Hello, this forum have given me a wealth of information and I think I should give something back, so I've been doing some research on heat transfers to pique polos and it is not really recommended as embroidery is the method of choice for these type of apparel, so I decided to do the experiment my self and post the result. The polo I used was bought locally (i'm from the Caribbean) and it consist of 65% polyester and 35% cotton, I used Jet-Pro SofStretch transfer paper and this is the result





Funny how the uncut areas of the paper around the image is more apparent with the flash of the camera, but not really visible to the naked eye when looking at the polo directly (will cut closer next time), not a bad result what do you guys think?

also there is a slight greenish haze around the finer black areas


----------



## mrdavid (Sep 14, 2007)

Very nice I do like them. thanks for sharing!!!


----------



## krol (Feb 15, 2009)

have you washed them yet to see how the transfers held up on the pique knit?


----------



## proworlded (Oct 3, 2006)

Looks good. I would like to see pictures after it is washed.


----------



## SurgTT (Jan 17, 2009)

thanks guys, will wash and post up results asap


----------



## SurgTT (Jan 17, 2009)

*Re: Some Pique Knit Polo Heat Transfer Pictures *UPDATED**

Ok here's the update, the polo was washed twice, the first time by hand and the second time by machine and i'm pleased with the results, there are no cracks or breakage of the design and the colours are only very slightly less vibrant than it was after it was printed. here are some pics after it was washed twice, what you guys think?





not bad aye?


----------



## krol (Feb 15, 2009)

I don't think there is enough color coverage to sell. Too many white spots. A plastisol transfer might work better.


----------



## SurgTT (Jan 17, 2009)

hmm ok, but the white in between the colour is more apparent due to it being a close up shot and the flash from the camera enhances it, its not that apparent to the naked eye, especially when being worn as the background of the image would be the persons skin and not the back part of the polo, if you know what I mean.


----------



## krol (Feb 15, 2009)

I would try on a smooth knit polo (like a t shirt fabric). I think you will get a clearer, crisper image.


----------



## SurgTT (Jan 17, 2009)

yeah i have some of those just wanted to see how the quality would be like on pique knit polos


----------



## akent64 (Mar 18, 2009)

Is it ok to heat press vinyl on pique 180g?

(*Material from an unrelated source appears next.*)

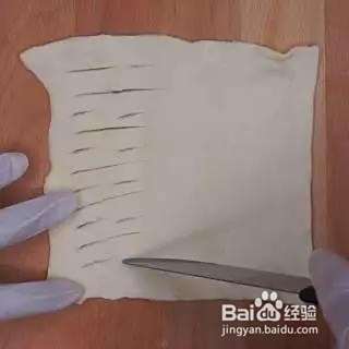 用刀在酥皮左半边划几道开口。

Does anyone know what the quality would be like?


----------



## SurgTT (Jan 17, 2009)

Just wanted to update after many wearing and washing the print is still in very good condition, the colour is still vibrant, the print is still intact


----------



## pravin (Mar 21, 2017)

SurgTT said:


> Just wanted to update after many wearing and washing the print is still in very good condition, the colour is still vibrant, the print is still intact


Can I know what temperature, time and pressure settings you used on the heat press because I did a heat transfer using 150°c for 15secs using JPSS and after 1 wash everything started cracking when stretched.


----------